My book, Hallowtide, I think will make a great movie if done right. It’s very visual and intense and fresh. I’d happily sell it to Hollywood. But if the movie sucks, that happens. That’s the risk you take, but it’s not the responsibility you take. My integrity will remain in tact.


I’ll repost this again because I’m a big fan of this video. Filmmaker and friend AJ Street takes this apart some more in a video he made a few weeks back, and does a far more elegant job taking this apart than I do:

Agree? Disagree? Feel free to let me know down below. And ParanormalNJ, thanks for letting me use your comments for a sounding board!


3 thoughts on “Movies and Books

  1. Well put sir, and though I’ve Twitter bombed you on it, I’ll just add that books and film are two different mediums that surprisingly, well for many, have a stark visual aspect. The difference is with books the individual creates the image and projects it in their brain. Films on the other hand are a medium where the image is projected on to you. There will always be different interpretations. Case in point, Douglas Adams and ‘Hitchhikers Guide to the Galaxy.’ Every single adaptation is different, but they’re also genius in that too. Also, how one person sees something is not how someone else will see it that is the greatness/downfall to interpretation. You will never please all, you will always let down some and maybe most. But does that mean we should give up? Hell no. I’d also point out films that go above and beyond the book, but I’ve gone on enough.

  2. Katie says:

    Great post. Film adaptions also have the challenge of delivering information or motivations that may have been revealed internally in the book. Things that we read as thoughts may get turned into conversations or sequences cut down for time and simplicity’s sake. I’ve learned to remember the ‘based on’ disclaimer to soothe any surprise I may have at differences from the book, and enjoy the movie for what it is.

  3. Steve Choy says:

    Karl, been a long time, hope all is well. I’d like to add an additional perspective that most people outside of the industry rarely realize. Screenwriters have the least control of their work. It sounds absurd, especially as a writer. How could this be? Whether it be adaptations or original screenplays, the screenwriter has little to no say once the script ends up in the hands of producers and especially directors.
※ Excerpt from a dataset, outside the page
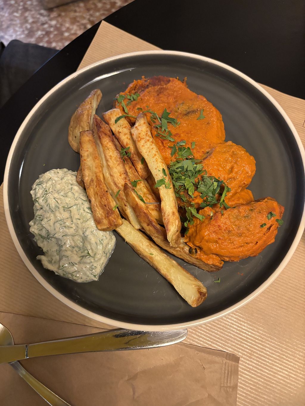 Read moreI had the Veganaki Special, which came with an amazing vegan Feta, Salad, Fries and some Mung Bean Patties. And my friend had the Vegan Moussaka. Both of them were really yummy.

    A few years ago, you helped reinvigorate my passion for writing during NanoWriMo. Ever since, I’ve dedicated myself to learning the craft of screenwriting and pursuing my dream to become a filmmaker one day. I packed up all of my crap and moved from San Francisco to Atlanta (because someone once told me that if I wanted to get into film, I should head South… I like writing, not geography…). What I have realized is how lonely and unrewarding being a screenwriter can be. What’s worse is when you pour every once of soul into a piece and you’re LUCKY to get it in the hands of a producer wanting to film it, you’re essentially locked out of the filmmaking process and some director, someone you may never even meet, will apply HIS vision to the work. Isn’t it great?

    So, I guess my point is, give writers a break. They hate themselves and their work enough as it is. We yearn for acceptance and affirmation so much that a single negative comment can easily destroy all the courage it takes to put our creativity out there. While some screenwriters attain a certain cache to be involved in some production, most are likely as surprised as you are when they see the final product. I think it was John Turman, the screenwriter for the Ang Lee directed HULK, that said the final product of that film was barely recognizable to what he had originally turned in.

    As an aspiring screenwriter, that was disheartening, but then you sit back and realize, John Turman got paid to write his version of the Hulk. Now, how cool is that? And speaking of which, Karl, hit me up if you ever want to help me write a spec screenplay focused on Nightwing, could be cool, right? 🙂 Maybe get AJ involved, he’s spot-on!

    Definitely let me know how to get in touch by email. I’d love to float some of my ideas/work by you to possibly get an opinion from someone I really respect. So, hoping you could put me in touch with that person…kidding.